Vanguard Reopens Dividend Fund, Will Sell Alts Fund through Brokers
Vanguard Group on Thursday reopened its actively managed Dividend Growth fund to new investors, and said it will begin selling an “alternative strategies” fund sold directly to institutional investors through advisor channels next quarter.
The fund, which invests in stalwart dividend payers such as McDonald’s, Johnson & Johnson and Medtronic, has low turnover, a 0.22% expense ratio and has “consistently outperformed” equity income mutual fund peers on a one-, three-, five- and ten-year total return basis, said Todd Rosenbluth, director of mutual fund and ETF research at investment research firm CFRA.
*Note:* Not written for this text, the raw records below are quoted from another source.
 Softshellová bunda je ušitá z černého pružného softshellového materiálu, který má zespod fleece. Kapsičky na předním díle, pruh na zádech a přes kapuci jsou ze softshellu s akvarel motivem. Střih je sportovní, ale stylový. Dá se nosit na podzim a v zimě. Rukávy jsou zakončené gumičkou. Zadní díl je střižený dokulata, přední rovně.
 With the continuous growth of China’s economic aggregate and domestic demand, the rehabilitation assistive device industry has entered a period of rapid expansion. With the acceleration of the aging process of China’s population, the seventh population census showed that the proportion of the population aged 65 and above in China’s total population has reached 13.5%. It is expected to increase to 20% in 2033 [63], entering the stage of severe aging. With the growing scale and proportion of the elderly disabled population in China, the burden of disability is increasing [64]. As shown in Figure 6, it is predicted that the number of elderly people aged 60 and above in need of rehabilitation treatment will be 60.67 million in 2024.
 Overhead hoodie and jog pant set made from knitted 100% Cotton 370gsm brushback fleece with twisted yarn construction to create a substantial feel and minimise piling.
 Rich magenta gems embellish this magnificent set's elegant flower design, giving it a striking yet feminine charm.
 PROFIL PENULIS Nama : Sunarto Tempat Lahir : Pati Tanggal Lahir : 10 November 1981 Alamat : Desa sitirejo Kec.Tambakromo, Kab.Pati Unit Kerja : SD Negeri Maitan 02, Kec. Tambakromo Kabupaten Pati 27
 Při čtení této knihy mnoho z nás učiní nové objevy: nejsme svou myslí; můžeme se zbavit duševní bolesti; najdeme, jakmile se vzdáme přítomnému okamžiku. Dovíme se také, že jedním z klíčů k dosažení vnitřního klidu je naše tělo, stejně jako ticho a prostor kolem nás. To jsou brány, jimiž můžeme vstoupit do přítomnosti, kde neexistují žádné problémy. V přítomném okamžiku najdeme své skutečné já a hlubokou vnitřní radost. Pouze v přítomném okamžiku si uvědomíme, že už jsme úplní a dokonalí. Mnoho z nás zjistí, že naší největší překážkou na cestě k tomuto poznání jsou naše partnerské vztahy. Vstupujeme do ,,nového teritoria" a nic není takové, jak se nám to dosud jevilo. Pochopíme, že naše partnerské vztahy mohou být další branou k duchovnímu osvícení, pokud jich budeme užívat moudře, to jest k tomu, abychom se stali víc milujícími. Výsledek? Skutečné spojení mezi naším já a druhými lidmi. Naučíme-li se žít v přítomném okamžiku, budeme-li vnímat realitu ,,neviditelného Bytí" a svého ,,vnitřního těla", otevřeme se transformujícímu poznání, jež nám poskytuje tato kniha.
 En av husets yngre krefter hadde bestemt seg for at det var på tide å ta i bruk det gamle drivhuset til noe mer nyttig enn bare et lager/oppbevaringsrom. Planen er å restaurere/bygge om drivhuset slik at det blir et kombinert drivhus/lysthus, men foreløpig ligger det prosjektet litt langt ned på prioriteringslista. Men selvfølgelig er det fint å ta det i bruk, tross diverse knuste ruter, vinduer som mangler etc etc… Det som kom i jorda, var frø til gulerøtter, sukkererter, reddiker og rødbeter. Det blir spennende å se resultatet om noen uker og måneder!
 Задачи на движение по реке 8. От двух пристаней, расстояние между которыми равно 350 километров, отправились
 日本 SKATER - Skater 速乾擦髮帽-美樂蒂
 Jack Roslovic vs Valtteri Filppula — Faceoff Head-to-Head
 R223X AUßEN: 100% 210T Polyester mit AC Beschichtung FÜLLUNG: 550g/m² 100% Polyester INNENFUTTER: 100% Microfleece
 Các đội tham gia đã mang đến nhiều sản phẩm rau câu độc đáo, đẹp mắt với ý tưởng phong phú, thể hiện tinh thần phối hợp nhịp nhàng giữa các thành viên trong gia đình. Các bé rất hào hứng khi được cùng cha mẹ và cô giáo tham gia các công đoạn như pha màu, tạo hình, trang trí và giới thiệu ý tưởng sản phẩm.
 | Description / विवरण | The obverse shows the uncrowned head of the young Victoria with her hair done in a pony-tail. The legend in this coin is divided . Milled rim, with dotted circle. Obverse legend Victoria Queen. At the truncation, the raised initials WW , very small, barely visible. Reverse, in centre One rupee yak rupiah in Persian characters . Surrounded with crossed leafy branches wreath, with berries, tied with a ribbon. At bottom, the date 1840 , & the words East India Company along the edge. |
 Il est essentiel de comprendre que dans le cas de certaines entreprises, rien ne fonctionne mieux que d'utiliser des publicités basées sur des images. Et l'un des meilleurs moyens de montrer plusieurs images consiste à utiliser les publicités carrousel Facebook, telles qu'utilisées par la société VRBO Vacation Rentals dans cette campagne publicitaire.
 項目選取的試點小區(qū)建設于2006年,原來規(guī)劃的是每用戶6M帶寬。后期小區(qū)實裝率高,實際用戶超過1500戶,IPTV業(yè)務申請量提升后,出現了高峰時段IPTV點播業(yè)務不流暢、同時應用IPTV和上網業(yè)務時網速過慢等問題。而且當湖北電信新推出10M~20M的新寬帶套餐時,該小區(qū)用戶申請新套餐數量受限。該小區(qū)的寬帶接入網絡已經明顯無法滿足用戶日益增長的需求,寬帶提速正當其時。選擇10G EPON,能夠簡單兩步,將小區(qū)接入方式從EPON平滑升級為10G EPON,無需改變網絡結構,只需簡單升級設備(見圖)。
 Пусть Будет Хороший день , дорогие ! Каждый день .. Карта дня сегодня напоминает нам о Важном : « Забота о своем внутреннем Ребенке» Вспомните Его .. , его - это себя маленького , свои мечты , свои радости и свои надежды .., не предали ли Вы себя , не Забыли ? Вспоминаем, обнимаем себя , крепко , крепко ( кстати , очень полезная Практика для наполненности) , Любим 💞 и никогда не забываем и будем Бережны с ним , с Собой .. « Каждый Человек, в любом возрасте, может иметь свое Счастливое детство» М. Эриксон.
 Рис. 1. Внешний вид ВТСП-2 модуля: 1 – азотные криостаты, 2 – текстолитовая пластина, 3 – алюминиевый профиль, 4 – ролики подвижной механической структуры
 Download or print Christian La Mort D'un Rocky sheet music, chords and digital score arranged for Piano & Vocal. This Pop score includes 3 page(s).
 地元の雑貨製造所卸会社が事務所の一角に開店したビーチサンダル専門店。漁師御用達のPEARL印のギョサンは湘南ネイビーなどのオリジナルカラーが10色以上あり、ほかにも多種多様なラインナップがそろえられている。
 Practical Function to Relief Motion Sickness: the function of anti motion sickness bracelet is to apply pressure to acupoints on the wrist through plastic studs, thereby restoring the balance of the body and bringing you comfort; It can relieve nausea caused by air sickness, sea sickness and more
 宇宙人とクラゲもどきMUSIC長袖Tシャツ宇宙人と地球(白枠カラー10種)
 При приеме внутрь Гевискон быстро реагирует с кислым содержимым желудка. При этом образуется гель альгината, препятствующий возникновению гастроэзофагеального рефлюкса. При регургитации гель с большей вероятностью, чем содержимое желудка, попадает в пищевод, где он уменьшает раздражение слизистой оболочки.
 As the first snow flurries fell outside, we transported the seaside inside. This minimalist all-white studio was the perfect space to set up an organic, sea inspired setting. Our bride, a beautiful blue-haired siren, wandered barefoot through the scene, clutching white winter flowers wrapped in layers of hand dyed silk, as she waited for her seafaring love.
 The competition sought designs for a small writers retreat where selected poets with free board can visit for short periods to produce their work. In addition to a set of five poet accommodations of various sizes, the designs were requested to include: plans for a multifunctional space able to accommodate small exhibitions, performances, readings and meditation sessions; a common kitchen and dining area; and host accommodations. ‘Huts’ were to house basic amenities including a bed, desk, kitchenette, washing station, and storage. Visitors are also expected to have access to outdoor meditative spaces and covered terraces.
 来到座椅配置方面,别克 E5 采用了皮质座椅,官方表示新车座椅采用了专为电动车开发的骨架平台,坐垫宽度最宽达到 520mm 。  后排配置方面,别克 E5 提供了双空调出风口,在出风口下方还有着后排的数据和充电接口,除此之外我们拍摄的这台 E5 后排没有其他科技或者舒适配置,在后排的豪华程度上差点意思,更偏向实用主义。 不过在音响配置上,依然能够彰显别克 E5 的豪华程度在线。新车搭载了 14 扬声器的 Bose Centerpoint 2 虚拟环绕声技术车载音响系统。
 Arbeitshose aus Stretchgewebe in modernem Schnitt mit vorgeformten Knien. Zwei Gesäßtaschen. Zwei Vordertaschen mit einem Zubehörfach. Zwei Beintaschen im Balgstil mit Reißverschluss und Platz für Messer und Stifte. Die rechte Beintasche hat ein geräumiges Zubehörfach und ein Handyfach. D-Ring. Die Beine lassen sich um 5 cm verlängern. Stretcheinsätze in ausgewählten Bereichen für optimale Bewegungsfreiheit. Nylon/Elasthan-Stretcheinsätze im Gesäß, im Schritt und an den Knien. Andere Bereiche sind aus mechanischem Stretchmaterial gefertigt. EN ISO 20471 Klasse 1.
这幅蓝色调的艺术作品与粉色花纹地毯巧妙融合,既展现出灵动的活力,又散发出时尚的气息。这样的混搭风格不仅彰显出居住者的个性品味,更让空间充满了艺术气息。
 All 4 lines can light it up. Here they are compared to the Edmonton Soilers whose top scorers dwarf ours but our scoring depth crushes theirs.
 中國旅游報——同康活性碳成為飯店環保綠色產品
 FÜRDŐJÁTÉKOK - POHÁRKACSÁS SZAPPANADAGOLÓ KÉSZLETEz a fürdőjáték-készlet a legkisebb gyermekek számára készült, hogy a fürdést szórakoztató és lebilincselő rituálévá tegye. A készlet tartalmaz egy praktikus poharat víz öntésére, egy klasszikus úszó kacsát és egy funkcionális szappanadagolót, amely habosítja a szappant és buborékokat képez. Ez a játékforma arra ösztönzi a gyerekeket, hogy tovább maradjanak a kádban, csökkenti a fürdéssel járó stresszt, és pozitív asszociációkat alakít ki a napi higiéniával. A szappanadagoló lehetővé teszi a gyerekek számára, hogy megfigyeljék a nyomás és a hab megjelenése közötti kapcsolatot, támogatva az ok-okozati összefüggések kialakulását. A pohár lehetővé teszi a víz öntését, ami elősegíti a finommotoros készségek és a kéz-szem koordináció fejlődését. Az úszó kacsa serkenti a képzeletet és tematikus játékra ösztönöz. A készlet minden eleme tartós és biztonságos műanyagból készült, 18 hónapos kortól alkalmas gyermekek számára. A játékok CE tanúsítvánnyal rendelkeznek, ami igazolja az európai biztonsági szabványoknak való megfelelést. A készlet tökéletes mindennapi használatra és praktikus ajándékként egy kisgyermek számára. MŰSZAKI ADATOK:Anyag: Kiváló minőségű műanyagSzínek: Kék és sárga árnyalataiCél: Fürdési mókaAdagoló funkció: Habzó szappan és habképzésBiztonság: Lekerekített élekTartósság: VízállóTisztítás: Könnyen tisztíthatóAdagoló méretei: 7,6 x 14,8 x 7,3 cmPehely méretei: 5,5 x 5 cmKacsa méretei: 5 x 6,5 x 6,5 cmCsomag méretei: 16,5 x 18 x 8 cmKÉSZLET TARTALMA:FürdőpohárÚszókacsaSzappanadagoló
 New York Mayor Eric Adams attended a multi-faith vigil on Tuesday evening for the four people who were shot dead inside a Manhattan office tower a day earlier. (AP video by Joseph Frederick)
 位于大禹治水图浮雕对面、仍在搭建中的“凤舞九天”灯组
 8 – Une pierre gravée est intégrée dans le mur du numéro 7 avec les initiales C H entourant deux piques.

Run since 1996 by portfolio manager Don Kilbride, the dividend fund has a 13.8% three-year return.
Investors have steadily withdrawn money from the Dividend Growth fund since its closing, as they have done for many active funds that are more expensive than the firm’s hugely successful index funds, according to Daniel Wiener, a registered investment adviser who writes a newsletter for Vanguard investors.
“It’s one of the best active funds in Vanguard’s stable,” he wrote after the reopening was announced, but cautioned that “all bets are off” if the company has to add portfolio managers to deal with an inflow of cash.
“[F]ollowing consultation with the fund’s advisor, we’re confident that there is ample capacity to reopen the fund,” Matthew Brancato, head of Vanguard’s portfolio review department said in an e-mail.
Vanguard on Thursday also said it will reopen its $316.3 million-asset Vanguard Alternative Strategies fund in the fourth quarter, and expand its distribution channels.
The alts fund, one of three offered by the asset management giant, is currently available to pension plans and endowments in Vanguard’s institutional advisory services program. It is also an underlying holding of Vanguard Managed Payout, a $1.8 billion fund of funds.
Vanguard next quarter will lower the minimum investment on the alts fund to $50,000 from $250,000, and sell it through financial advisors as well as directly to Vanguard Investments’ brokerage and robo-advisory clients.
Vanguard is one of the few fund companies that refuses to pay distribution fees to broker-dealers for putting its funds on their platforms and promoting them to their brokers. Morgan Stanley, which charges $250,000 to $850,000 to funds utilizing its sales prowess, retaliated two years ago by pulling Vanguard funds from its platform.
The Alternative Strategies fund, co-managed by Anatoly Shtekhman and Fei Xu, has returned 3.52% over its four-year lifespan. Its three-year return of 1.72% underperformed the 5.53% of its benchmark (3-month Treasury bills plus 4.0%), according to Vanguard.